__Activity__
Drop the pictures and repeat exactly from the "Product Name:A modern" line down to the last line of the entries below.

__Data records__
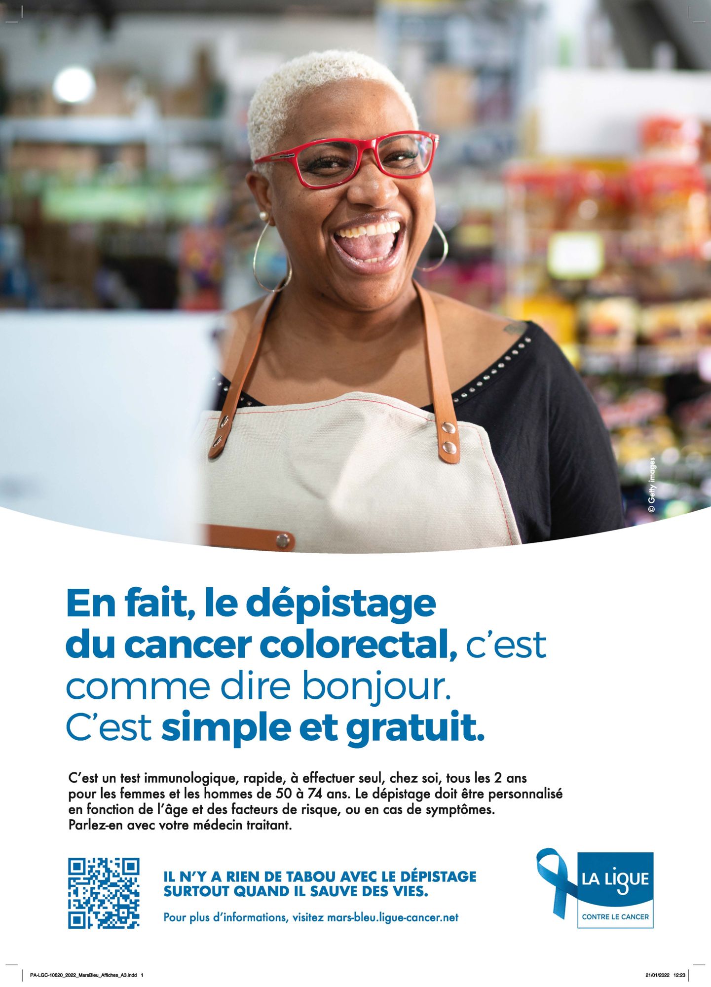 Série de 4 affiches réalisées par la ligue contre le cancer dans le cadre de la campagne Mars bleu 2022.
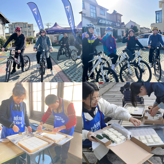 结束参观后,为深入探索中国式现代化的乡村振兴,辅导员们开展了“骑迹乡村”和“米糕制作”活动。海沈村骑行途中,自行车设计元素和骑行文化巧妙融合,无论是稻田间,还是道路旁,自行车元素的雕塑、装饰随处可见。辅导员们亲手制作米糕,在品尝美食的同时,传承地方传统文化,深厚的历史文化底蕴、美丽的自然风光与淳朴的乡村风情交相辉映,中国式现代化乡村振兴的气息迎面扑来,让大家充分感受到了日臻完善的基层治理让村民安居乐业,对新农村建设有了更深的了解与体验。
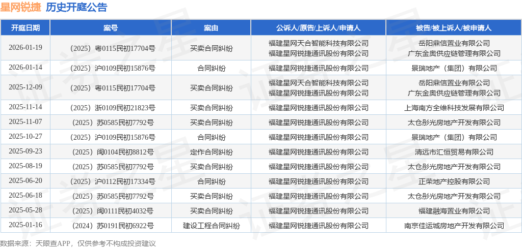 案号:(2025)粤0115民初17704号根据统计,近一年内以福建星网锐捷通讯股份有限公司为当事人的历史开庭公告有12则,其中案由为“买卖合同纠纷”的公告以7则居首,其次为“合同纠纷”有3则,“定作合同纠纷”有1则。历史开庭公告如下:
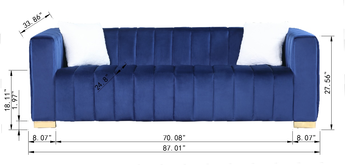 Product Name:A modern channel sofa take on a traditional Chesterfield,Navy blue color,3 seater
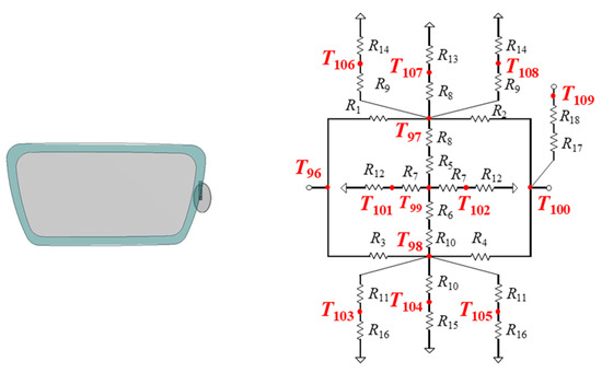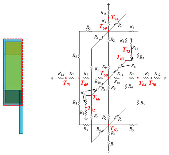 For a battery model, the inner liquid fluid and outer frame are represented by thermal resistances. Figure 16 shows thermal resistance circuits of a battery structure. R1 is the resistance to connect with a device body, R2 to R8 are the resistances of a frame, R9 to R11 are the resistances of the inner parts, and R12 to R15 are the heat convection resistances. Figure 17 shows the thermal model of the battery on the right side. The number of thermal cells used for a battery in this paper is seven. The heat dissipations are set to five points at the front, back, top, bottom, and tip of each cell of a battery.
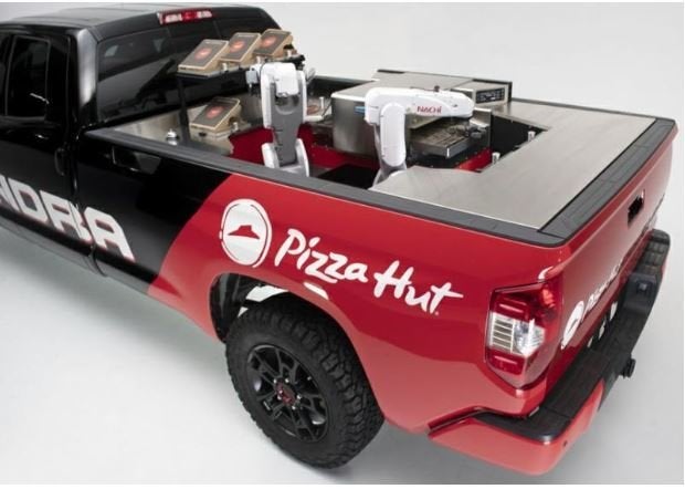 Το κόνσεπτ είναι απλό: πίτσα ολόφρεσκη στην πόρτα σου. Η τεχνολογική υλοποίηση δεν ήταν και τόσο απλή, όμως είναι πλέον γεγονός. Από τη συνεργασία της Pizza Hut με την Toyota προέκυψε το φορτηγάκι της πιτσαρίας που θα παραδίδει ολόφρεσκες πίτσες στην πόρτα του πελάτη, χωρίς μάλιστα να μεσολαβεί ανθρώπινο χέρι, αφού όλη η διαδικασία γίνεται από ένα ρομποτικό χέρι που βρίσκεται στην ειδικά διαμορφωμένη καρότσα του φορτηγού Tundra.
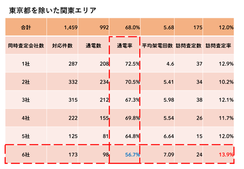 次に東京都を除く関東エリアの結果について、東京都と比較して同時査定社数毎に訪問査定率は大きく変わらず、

__Answer space__
 Product Name:A modern channel sofa take on a traditional Chesterfield,Navy blue color,3 seater
 For a battery model, the inner liquid fluid and outer frame are represented by thermal resistances. Figure 16 shows thermal resistance circuits of a battery structure. R1 is the resistance to connect with a device body, R2 to R8 are the resistances of a frame, R9 to R11 are the resistances of the inner parts, and R12 to R15 are the heat convection resistances. Figure 17 shows the thermal model of the battery on the right side. The number of thermal cells used for a battery in this paper is seven. The heat dissipations are set to five points at the front, back, top, bottom, and tip of each cell of a battery.
 Το κόνσεπτ είναι απλό: πίτσα ολόφρεσκη στην πόρτα σου. Η τεχνολογική υλοποίηση δεν ήταν και τόσο απλή, όμως είναι πλέον γεγονός. Από τη συνεργασία της Pizza Hut με την Toyota προέκυψε το φορτηγάκι της πιτσαρίας που θα παραδίδει ολόφρεσκες πίτσες στην πόρτα του πελάτη, χωρίς μάλιστα να μεσολαβεί ανθρώπινο χέρι, αφού όλη η διαδικασία γίνεται από ένα ρομποτικό χέρι που βρίσκεται στην ειδικά διαμορφωμένη καρότσα του φορτηγού Tundra.
 次に東京都を除く関東エリアの結果について、東京都と比較して同時査定社数毎に訪問査定率は大きく変わらず、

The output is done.